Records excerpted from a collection
########################################

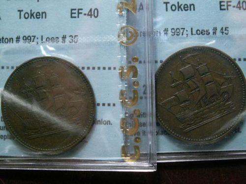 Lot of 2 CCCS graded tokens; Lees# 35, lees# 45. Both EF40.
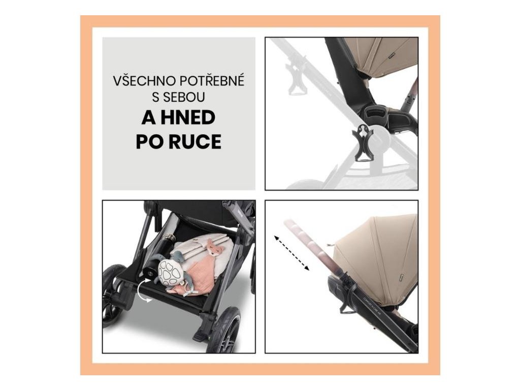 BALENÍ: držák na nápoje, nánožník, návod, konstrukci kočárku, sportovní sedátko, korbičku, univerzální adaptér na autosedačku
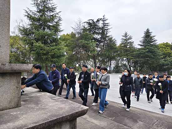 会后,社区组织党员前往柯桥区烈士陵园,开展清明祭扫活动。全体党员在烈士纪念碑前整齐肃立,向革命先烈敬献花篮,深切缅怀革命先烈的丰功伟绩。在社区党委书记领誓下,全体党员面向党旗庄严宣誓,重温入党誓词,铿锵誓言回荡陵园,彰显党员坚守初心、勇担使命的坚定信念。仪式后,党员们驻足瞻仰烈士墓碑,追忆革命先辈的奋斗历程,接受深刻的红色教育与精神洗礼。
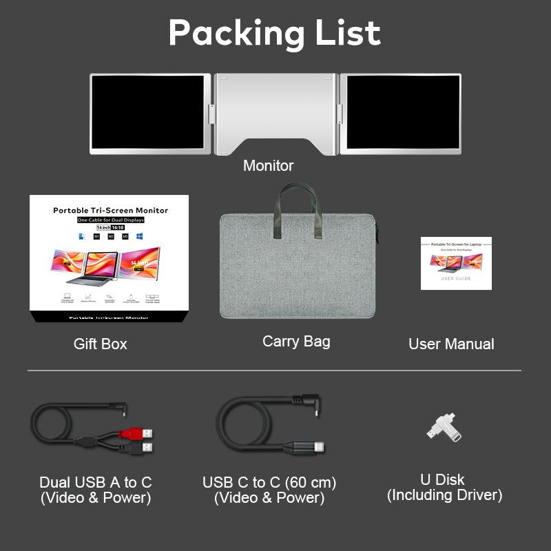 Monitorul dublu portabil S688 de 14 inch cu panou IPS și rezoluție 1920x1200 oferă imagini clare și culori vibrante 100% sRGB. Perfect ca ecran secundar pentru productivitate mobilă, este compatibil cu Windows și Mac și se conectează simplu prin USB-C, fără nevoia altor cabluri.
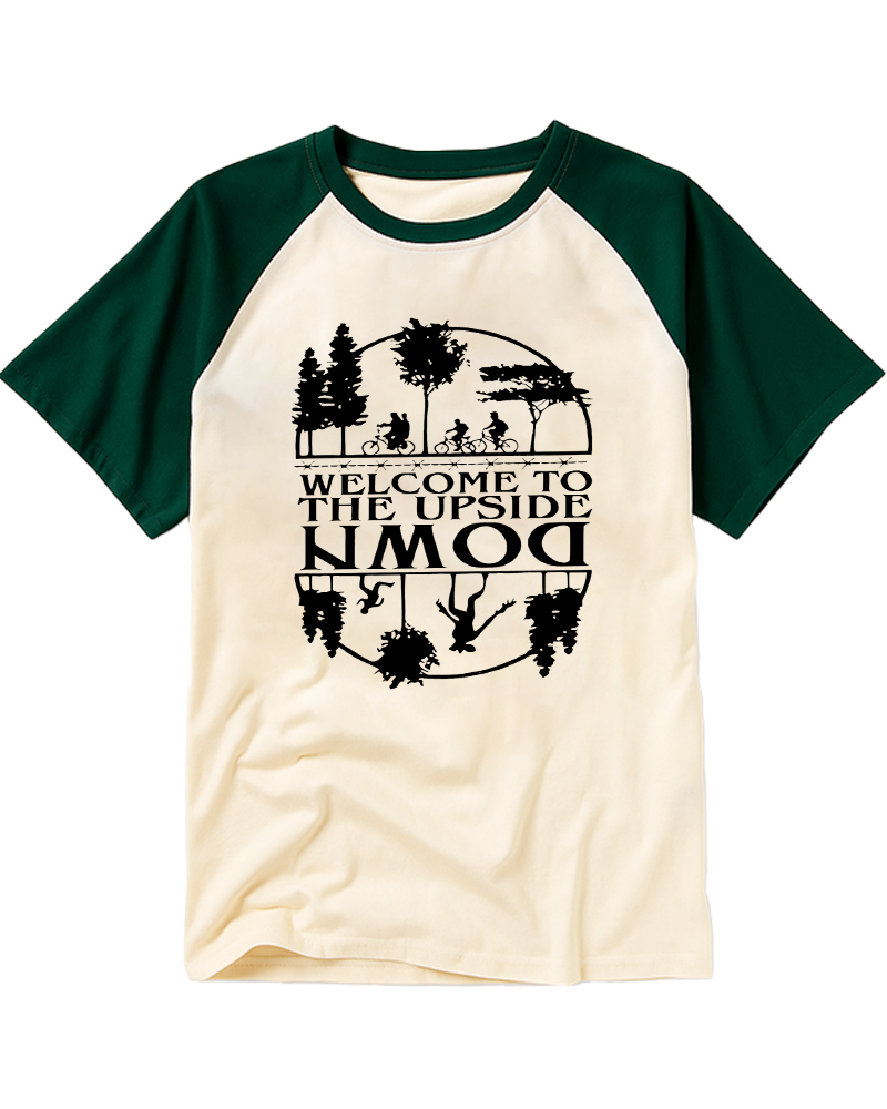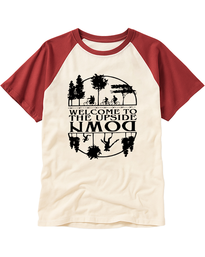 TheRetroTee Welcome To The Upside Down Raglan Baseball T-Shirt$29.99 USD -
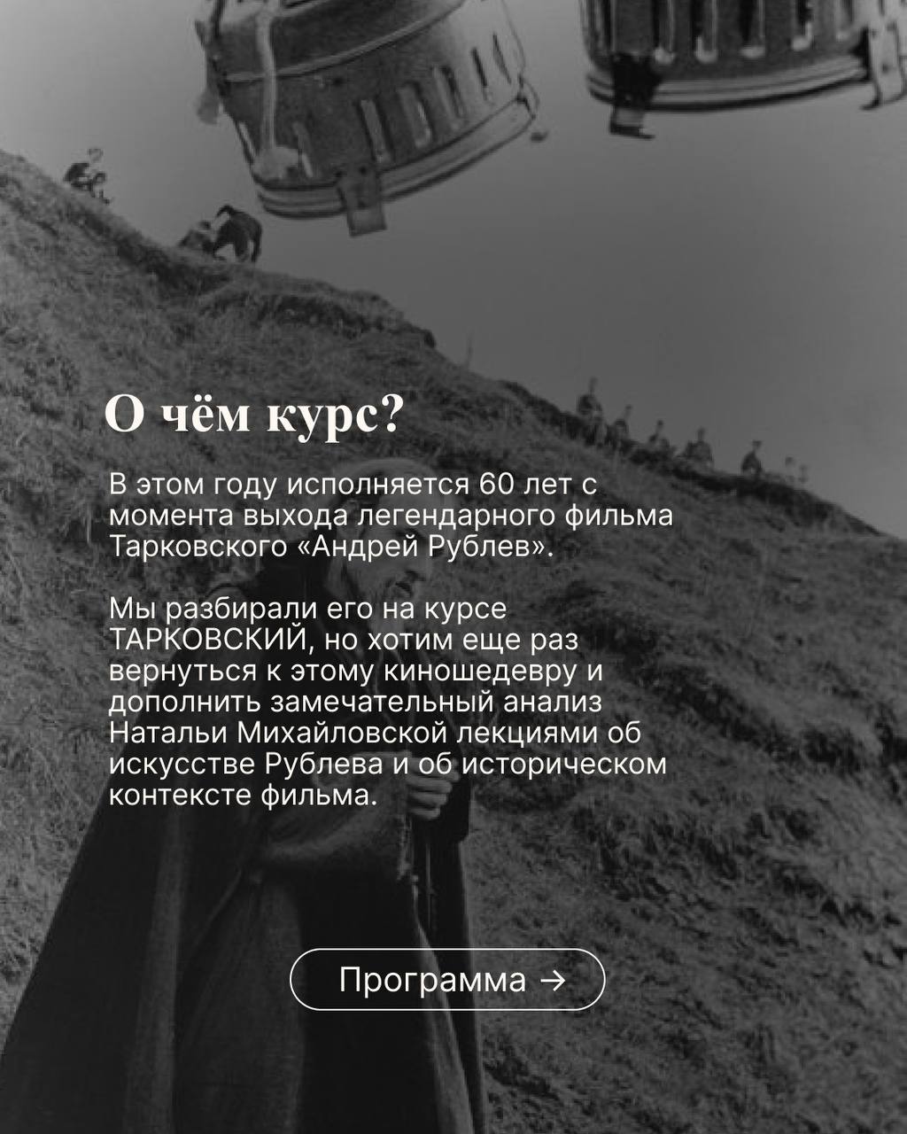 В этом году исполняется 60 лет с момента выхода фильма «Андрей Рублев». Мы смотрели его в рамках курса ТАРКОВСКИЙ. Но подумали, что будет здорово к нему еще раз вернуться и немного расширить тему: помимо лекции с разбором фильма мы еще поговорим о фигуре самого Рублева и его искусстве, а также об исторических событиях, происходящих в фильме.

########################################

### Exercise instructions
Please copy the preceding records exactly and omit the images.

### Answer section
 Lot of 2 CCCS graded tokens; Lees# 35, lees# 45. Both EF40.
 BALENÍ: držák na nápoje, nánožník, návod, konstrukci kočárku, sportovní sedátko, korbičku, univerzální adaptér na autosedačku
 会后,社区组织党员前往柯桥区烈士陵园,开展清明祭扫活动。全体党员在烈士纪念碑前整齐肃立,向革命先烈敬献花篮,深切缅怀革命先烈的丰功伟绩。在社区党委书记领誓下,全体党员面向党旗庄严宣誓,重温入党誓词,铿锵誓言回荡陵园,彰显党员坚守初心、勇担使命的坚定信念。仪式后,党员们驻足瞻仰烈士墓碑,追忆革命先辈的奋斗历程,接受深刻的红色教育与精神洗礼。
 Monitorul dublu portabil S688 de 14 inch cu panou IPS și rezoluție 1920x1200 oferă imagini clare și culori vibrante 100% sRGB. Perfect ca ecran secundar pentru productivitate mobilă, este compatibil cu Windows și Mac și se conectează simplu prin USB-C, fără nevoia altor cabluri.
 TheRetroTee Welcome To The Upside Down Raglan Baseball T-Shirt$29.99 USD -
 В этом году исполняется 60 лет с момента выхода фильма «Андрей Рублев». Мы смотрели его в рамках курса ТАРКОВСКИЙ. Но подумали, что будет здорово к нему еще раз вернуться и немного расширить тему: помимо лекции с разбором фильма мы еще поговорим о фигуре самого Рублева и его искусстве, а также об исторических событиях, происходящих в фильме.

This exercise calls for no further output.